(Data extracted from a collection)
-*-*-
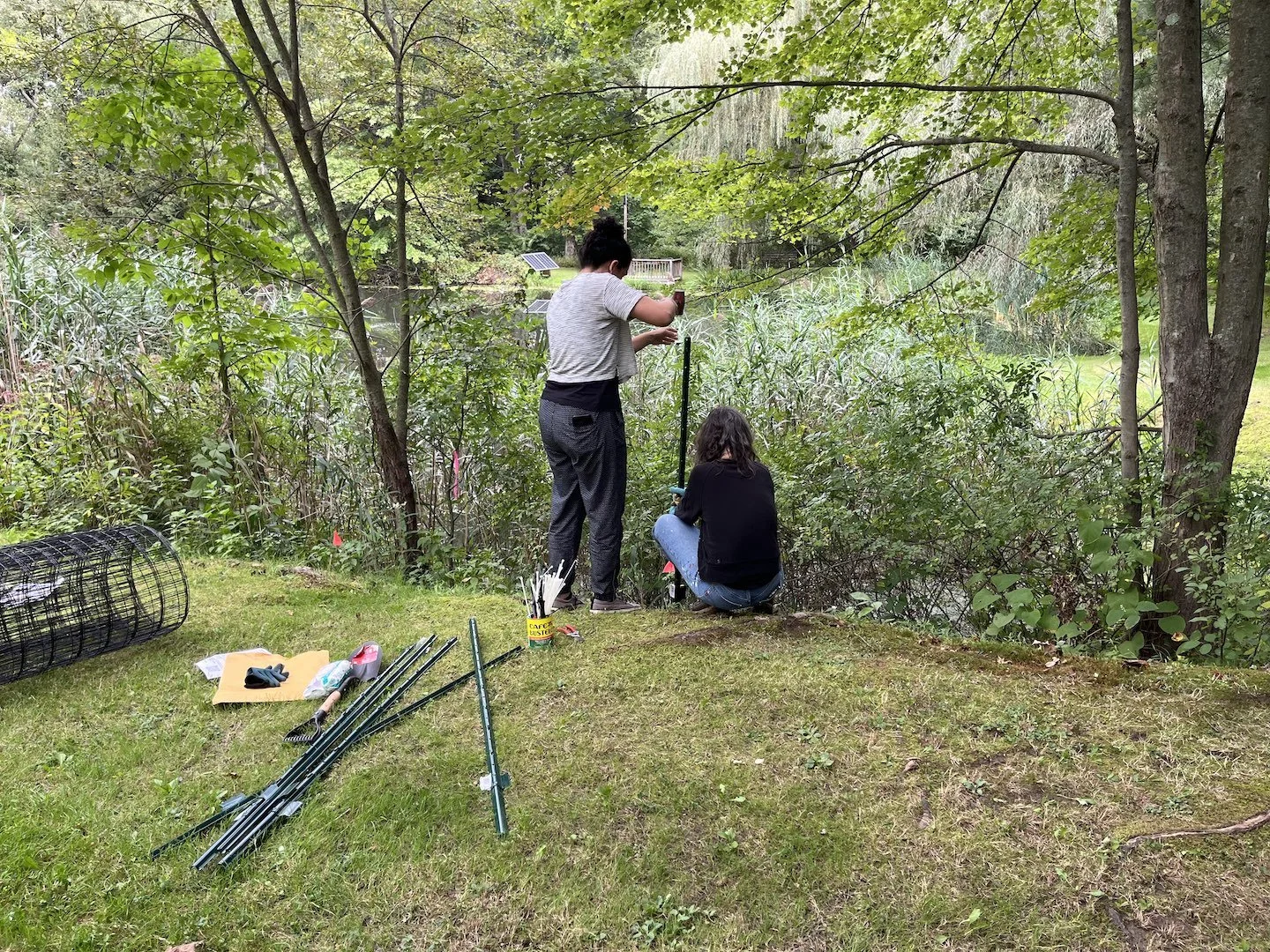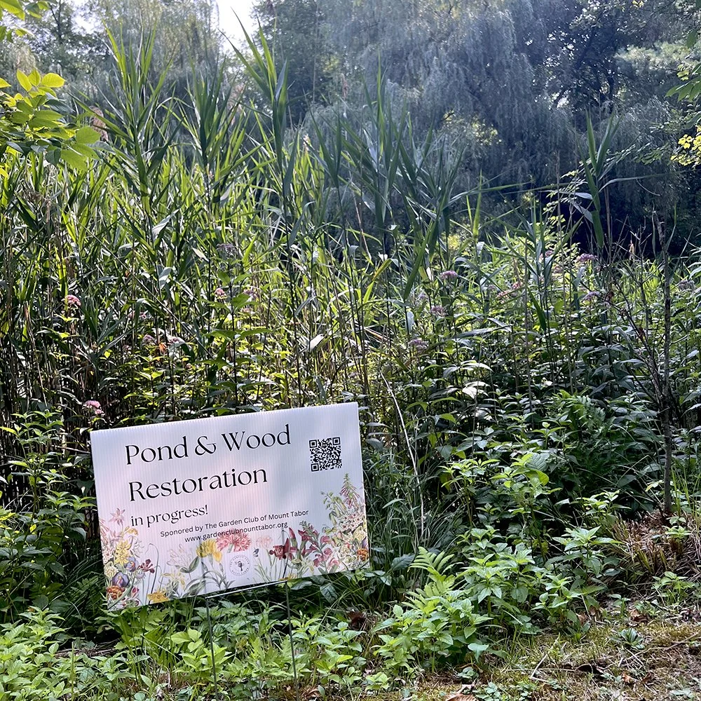 Image of pond slope area with Garden Club x Grow Your Own Forest Project collaboration on site
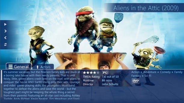 Windows Media Center heeft al een fraaie interface, maar het kan natuurlijk altijd beter. Media Browser verzamelt al uw media en presenteert het op een fraaie manier. Na de installatie krijgt u een configuratiewizard waarin u kunt aangeven waar uw media zich bevinden. U vindt Media Browser na installatie terug in het hoofdmenu van Windows Media Center. Media Browser toont uw mediabibliotheek op een fraaie manier. Als u op bijvoorbeeld een film klikt, dan krijgt u een mooie pagina in beeld waarop u informatie van IMDb ziet.
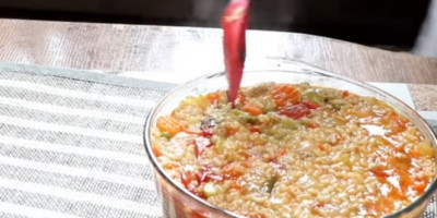 Polovinu mešavine stavite u vatrostalnu posudu, preko nje složite belo meso isečeno na komade i prethodno kratko preprženo na tiganju, a zatim stavite preostalu mešavinu. Sve prelijte uljem i toplom vodom i pecite oko 15 minuta na 200 stepeni.
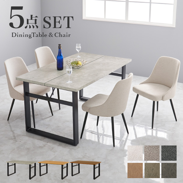 ダイニングテーブルセット 4人 5点 長方形 テーブル ヴィンテージ レザー 風 チェア 木 コンクリート おしゃれ スチール 収納 モダン ロの字脚
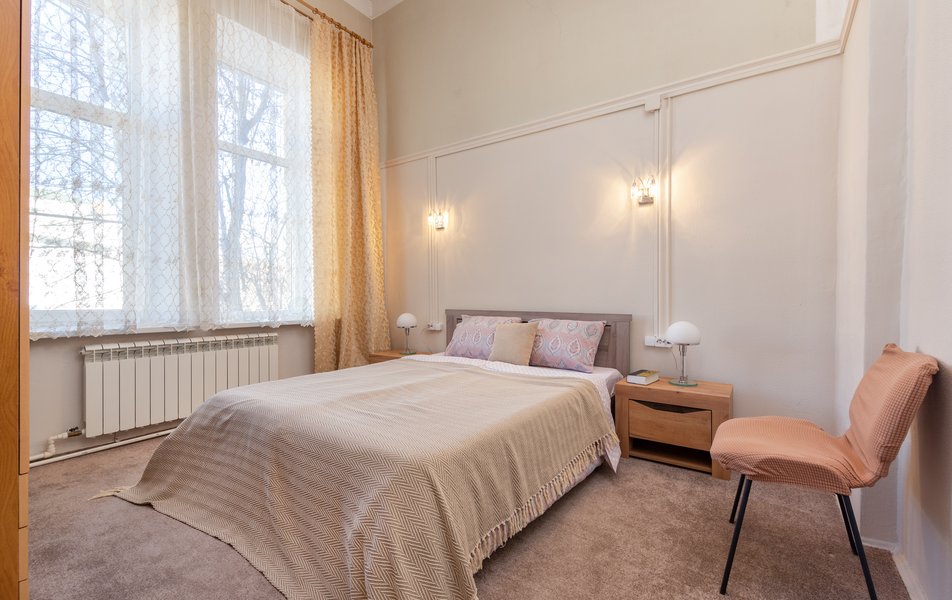Апартаменты на Урицкого 6 расположены в историческом центре Кисловодска, в старинном доме, признанном памятником архитектуры. Это место, где особая атмосфера старого города сочетается с удивительным удобством расположения: окна апартаментов выходят на территорию санатория «AZIMUT Здоровье Долина Нарзанов» с его аквапарком, бассейном и полным спектром лечебных процедур. Гостям открывается редкая возможность совмещать экономичное проживание в уютных апартаментах с оздоровлением в соседнем санатории, в нескольких шагах от дома. Вся необходимая инфраструктура также рядом: магазины, остановки общественного транспорта и другие объекты городской среды находятся в пешей доступности. Для автомобиля гостя предусмотрена крытая парковка в тихом внутреннем дворе.
-*-*-
_Aim of the exercise_:
Each entry shown above must be quoted exactly, with its pictures left out.

_Written response_:
 Image of pond slope area with Garden Club x Grow Your Own Forest Project collaboration on site
 Windows Media Center heeft al een fraaie interface, maar het kan natuurlijk altijd beter. Media Browser verzamelt al uw media en presenteert het op een fraaie manier. Na de installatie krijgt u een configuratiewizard waarin u kunt aangeven waar uw media zich bevinden. U vindt Media Browser na installatie terug in het hoofdmenu van Windows Media Center. Media Browser toont uw mediabibliotheek op een fraaie manier. Als u op bijvoorbeeld een film klikt, dan krijgt u een mooie pagina in beeld waarop u informatie van IMDb ziet.
 Polovinu mešavine stavite u vatrostalnu posudu, preko nje složite belo meso isečeno na komade i prethodno kratko preprženo na tiganju, a zatim stavite preostalu mešavinu. Sve prelijte uljem i toplom vodom i pecite oko 15 minuta na 200 stepeni.
 ダイニングテーブルセット 4人 5点 長方形 テーブル ヴィンテージ レザー 風 チェア 木 コンクリート おしゃれ スチール 収納 モダン ロの字脚
Апартаменты на Урицкого 6 расположены в историческом центре Кисловодска, в старинном доме, признанном памятником архитектуры. Это место, где особая атмосфера старого города сочетается с удивительным удобством расположения: окна апартаментов выходят на территорию санатория «AZIMUT Здоровье Долина Нарзанов» с его аквапарком, бассейном и полным спектром лечебных процедур. Гостям открывается редкая возможность совмещать экономичное проживание в уютных апартаментах с оздоровлением в соседнем санатории, в нескольких шагах от дома. Вся необходимая инфраструктура также рядом: магазины, остановки общественного транспорта и другие объекты городской среды находятся в пешей доступности. Для автомобиля гостя предусмотрена крытая парковка в тихом внутреннем дворе.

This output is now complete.